Gemeinsam mit Dr. Adrian Scale, niedergelassener Handchirurg mit jahrzehntelanger Erfahrung aus großen Unfallkliniken, nehmen wir das Silvester-Risiko nüchtern unter die Lupe. 

Warum sind Hände so oft die Leidtragenden? Weil sie am nächsten an der Zündschnur sind – und weil Alkohol, Mutproben und falscher Umgang mit Pyrotechnik kleine Fehler in große Schäden verwandeln kann. 

Im Podcast sprechen wir über Brandgrade, thermische Tiefe, Narbenbildung, Kontrakturen und darüber, warum die beste Operation nicht immer die ist, die alles rekonstruiert, sondern die, die am Ende die meiste Funktion zurückgibt.

Dr.
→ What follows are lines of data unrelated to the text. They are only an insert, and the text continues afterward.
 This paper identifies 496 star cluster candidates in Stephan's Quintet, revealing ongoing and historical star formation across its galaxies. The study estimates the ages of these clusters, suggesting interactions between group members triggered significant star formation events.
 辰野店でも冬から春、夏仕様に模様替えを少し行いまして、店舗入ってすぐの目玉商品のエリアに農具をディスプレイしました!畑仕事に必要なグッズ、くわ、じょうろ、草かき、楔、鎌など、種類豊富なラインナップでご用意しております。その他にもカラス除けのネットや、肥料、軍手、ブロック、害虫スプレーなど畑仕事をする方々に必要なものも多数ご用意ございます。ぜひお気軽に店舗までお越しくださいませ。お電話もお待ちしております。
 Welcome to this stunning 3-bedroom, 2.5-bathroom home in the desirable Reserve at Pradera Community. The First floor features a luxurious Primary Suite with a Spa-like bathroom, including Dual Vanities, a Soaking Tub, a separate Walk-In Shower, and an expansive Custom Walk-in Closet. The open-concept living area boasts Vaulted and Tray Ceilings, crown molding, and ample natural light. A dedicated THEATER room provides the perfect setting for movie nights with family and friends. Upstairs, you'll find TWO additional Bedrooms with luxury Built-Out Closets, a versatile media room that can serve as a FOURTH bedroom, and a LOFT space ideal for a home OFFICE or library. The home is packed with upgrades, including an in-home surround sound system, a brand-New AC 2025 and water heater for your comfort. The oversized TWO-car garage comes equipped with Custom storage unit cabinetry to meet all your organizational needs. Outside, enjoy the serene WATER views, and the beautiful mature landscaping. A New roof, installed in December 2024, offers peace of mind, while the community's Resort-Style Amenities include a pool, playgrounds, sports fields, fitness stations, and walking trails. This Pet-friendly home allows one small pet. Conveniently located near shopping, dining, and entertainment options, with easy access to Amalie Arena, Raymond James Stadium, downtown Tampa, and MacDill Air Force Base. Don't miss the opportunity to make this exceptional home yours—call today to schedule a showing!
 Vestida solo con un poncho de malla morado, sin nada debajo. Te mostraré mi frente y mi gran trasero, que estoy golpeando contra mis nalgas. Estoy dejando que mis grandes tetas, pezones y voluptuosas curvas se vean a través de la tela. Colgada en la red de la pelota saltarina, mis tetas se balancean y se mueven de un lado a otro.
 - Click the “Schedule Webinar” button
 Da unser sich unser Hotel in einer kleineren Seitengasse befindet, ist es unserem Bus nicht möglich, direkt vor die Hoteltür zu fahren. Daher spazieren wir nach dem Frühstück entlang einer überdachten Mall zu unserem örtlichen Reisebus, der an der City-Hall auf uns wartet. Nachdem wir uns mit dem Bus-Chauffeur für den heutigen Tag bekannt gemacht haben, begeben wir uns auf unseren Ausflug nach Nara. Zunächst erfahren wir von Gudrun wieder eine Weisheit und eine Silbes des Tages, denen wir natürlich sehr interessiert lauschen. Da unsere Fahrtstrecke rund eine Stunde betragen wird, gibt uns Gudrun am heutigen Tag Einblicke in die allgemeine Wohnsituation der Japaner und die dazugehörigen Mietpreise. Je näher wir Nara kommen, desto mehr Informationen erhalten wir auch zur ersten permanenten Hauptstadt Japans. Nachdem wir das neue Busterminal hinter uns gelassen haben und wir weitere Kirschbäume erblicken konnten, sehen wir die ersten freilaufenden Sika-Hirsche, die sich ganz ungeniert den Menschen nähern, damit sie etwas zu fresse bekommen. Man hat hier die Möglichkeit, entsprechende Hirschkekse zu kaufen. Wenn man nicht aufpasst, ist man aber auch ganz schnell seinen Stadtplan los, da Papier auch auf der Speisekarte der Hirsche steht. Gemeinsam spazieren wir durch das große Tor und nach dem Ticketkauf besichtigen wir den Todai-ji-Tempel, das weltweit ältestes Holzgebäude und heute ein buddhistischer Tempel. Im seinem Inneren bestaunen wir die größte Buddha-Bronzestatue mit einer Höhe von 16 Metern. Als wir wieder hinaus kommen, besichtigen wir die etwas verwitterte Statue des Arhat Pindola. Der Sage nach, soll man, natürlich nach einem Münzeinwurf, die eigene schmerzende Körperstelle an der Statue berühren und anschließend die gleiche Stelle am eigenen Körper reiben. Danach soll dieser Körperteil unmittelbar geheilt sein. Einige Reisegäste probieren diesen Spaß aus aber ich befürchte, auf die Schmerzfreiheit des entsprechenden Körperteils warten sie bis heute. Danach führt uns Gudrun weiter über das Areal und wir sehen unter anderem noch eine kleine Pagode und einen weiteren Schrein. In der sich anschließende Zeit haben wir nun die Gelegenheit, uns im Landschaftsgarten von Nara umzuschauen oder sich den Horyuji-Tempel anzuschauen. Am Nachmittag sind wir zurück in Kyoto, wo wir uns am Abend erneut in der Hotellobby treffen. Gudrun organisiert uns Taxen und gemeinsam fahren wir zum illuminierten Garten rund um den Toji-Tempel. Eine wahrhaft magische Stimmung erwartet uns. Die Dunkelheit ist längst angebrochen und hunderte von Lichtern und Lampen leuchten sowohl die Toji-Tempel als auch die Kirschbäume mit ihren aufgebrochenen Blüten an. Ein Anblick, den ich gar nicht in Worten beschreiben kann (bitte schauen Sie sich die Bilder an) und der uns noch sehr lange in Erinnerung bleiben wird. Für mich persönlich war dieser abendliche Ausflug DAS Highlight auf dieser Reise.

Scale führt durch echte Szenarien: von oberflächlichen Verbrennungen bis zu Blowout-Verletzungen, abgerissenen Fingern und komplexen Kontaminationen, die Ödeme und Infektionen begünstigen. 

Wir zeigen, wie thermische Schäden Rekonstruktionen in den Tagen nach dem Ereignis zunichtemachen können. Dazu kommen harte Wahrheiten über Liegezeiten, monatelange Rehabilitation und Fälle, in denen eine berufliche Neuausrichtung wegen eines Funktionsverlustes der Hand unausweichlich wird. 

Besonders eindringlich: die jährliche Welle an Kinderverletzungen am 1. Januar durch Blindgänger mit kurzen Zündschnüren.

Worauf jeder Anwender von Feuerwerk achten muss: Der Unterschied zwischen CE- und TÜV-geprüftem Feuerwerk und illegaler Pyrotechnik mit unberechenbaren Sprengstoffen wie Phosphor. Legales Feuerwerk ist kein Freifahrtschein, aber bei sachgerechter Anwendung deutlich kalkulierbarer.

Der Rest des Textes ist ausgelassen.